**TASK**
The lines below, from the one holding "du Palace-Hotel, Bruxelles." through the one holding "2. 移动设备管理 (MDM):如果您的", are to be restated word for word, with all images left out.

**SOURCE MATERIAL**
----------

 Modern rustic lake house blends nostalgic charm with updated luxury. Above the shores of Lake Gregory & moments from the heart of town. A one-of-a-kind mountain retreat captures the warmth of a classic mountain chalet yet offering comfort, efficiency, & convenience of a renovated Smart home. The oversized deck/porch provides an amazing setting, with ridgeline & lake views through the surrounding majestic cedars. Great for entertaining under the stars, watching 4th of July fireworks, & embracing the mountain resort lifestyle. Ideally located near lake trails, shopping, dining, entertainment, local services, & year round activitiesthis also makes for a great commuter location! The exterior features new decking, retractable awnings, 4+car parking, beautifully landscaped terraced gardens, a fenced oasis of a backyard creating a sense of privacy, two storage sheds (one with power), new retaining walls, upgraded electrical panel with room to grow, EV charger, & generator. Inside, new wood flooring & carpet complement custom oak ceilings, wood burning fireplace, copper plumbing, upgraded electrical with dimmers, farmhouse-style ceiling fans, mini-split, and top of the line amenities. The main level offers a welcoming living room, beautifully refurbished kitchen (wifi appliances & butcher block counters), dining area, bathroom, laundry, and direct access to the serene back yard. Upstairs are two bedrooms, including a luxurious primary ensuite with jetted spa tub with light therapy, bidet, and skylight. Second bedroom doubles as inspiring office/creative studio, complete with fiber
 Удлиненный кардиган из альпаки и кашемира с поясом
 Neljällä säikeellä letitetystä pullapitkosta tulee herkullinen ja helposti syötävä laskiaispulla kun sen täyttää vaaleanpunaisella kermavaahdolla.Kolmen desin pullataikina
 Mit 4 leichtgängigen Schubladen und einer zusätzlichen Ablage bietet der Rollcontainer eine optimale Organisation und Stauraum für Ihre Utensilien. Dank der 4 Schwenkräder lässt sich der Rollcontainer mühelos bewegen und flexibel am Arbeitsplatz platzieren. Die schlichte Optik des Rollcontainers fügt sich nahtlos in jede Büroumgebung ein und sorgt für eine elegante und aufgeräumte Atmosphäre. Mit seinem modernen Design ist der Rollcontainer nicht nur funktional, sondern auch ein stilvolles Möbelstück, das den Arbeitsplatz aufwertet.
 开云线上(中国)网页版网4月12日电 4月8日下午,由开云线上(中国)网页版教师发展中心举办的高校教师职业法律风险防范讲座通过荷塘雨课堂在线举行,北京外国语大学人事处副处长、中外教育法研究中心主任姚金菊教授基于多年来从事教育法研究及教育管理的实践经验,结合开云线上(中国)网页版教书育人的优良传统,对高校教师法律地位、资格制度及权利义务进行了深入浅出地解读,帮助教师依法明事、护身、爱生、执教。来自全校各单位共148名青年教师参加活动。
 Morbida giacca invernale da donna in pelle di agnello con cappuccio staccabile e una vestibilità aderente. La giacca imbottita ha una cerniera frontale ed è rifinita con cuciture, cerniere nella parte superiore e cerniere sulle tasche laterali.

----------

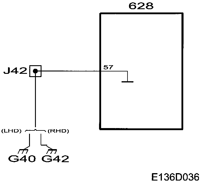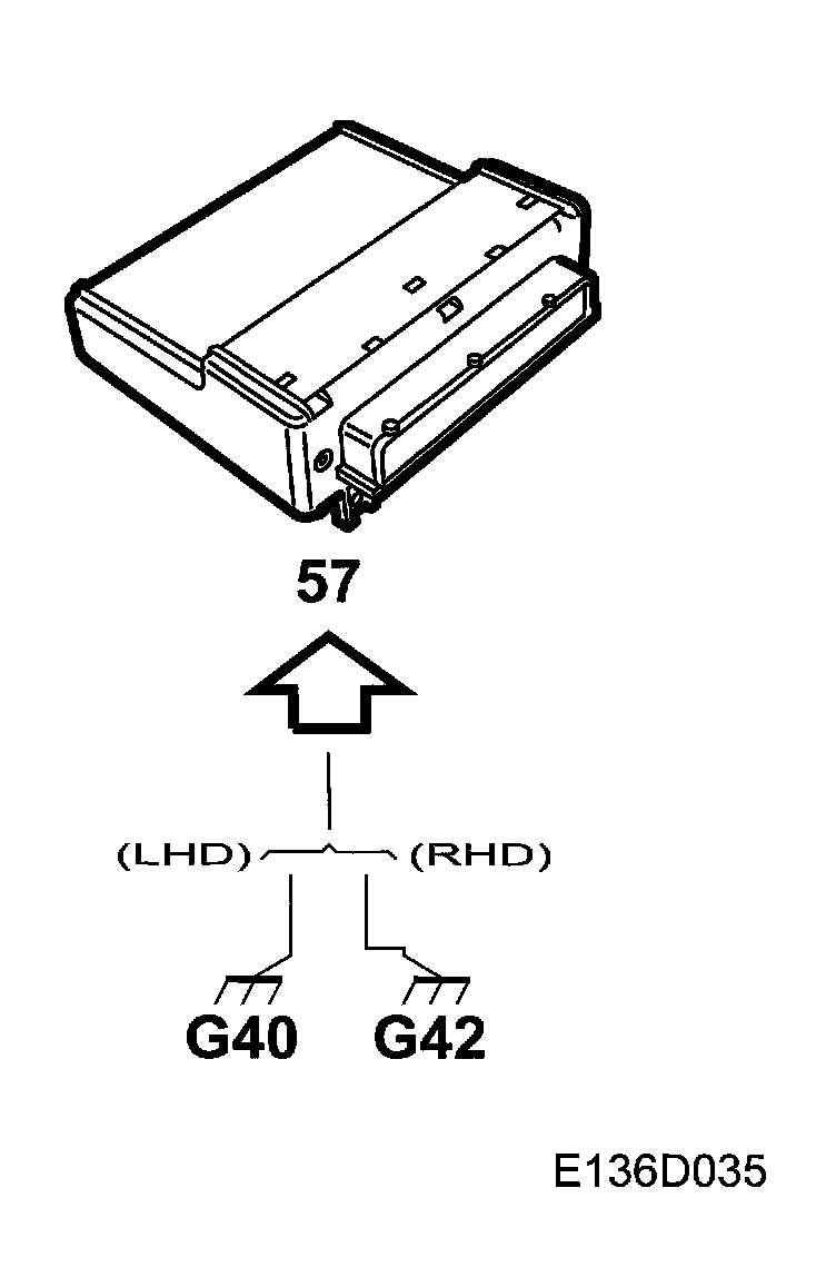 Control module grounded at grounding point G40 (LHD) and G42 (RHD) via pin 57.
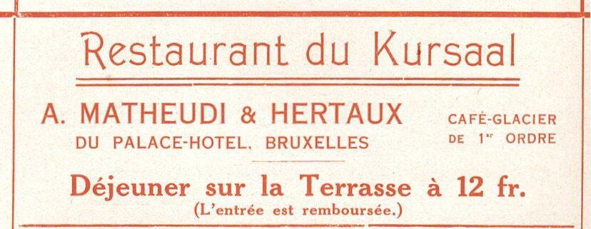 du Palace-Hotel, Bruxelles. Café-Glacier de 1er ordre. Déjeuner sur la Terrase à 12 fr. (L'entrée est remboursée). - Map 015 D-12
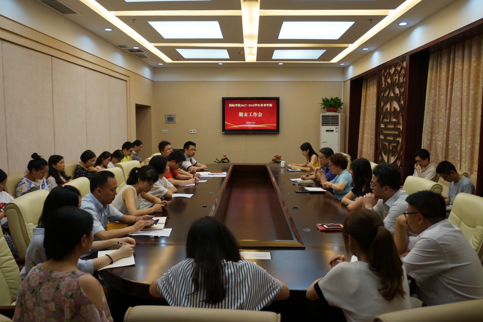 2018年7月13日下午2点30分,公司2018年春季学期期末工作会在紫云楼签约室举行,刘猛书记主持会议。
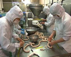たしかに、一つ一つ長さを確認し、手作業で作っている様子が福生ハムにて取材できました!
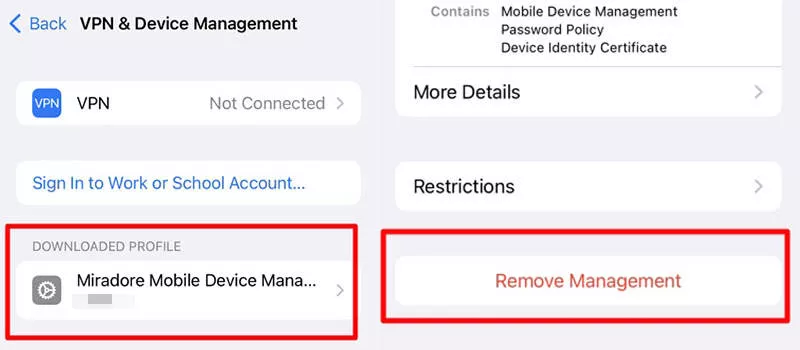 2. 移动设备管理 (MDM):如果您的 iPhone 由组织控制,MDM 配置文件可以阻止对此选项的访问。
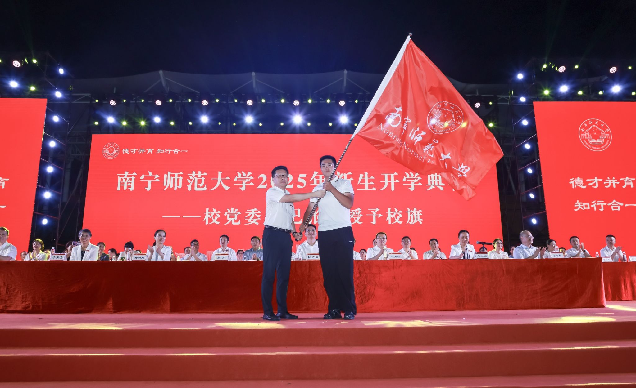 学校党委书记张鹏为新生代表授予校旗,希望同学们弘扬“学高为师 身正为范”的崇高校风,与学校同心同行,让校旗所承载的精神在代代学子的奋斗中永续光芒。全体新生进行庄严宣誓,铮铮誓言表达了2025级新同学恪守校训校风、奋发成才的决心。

----------

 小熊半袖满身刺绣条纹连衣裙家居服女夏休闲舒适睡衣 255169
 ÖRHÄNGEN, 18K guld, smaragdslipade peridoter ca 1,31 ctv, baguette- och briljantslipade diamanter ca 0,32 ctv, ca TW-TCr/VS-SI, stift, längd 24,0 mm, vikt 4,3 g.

----------

**YOUR RESPONSE**
 du Palace-Hotel, Bruxelles. Café-Glacier de 1er ordre. Déjeuner sur la Terrase à 12 fr. (L'entrée est remboursée). - Map 015 D-12
 2018年7月13日下午2点30分,公司2018年春季学期期末工作会在紫云楼签约室举行,刘猛书记主持会议。
たしかに、一つ一つ長さを確認し、手作業で作っている様子が福生ハムにて取材できました!
 2. 移动设备管理 (MDM):如果您的 iPhone 由组织控制,MDM 配置文件可以阻止对此选项的访问。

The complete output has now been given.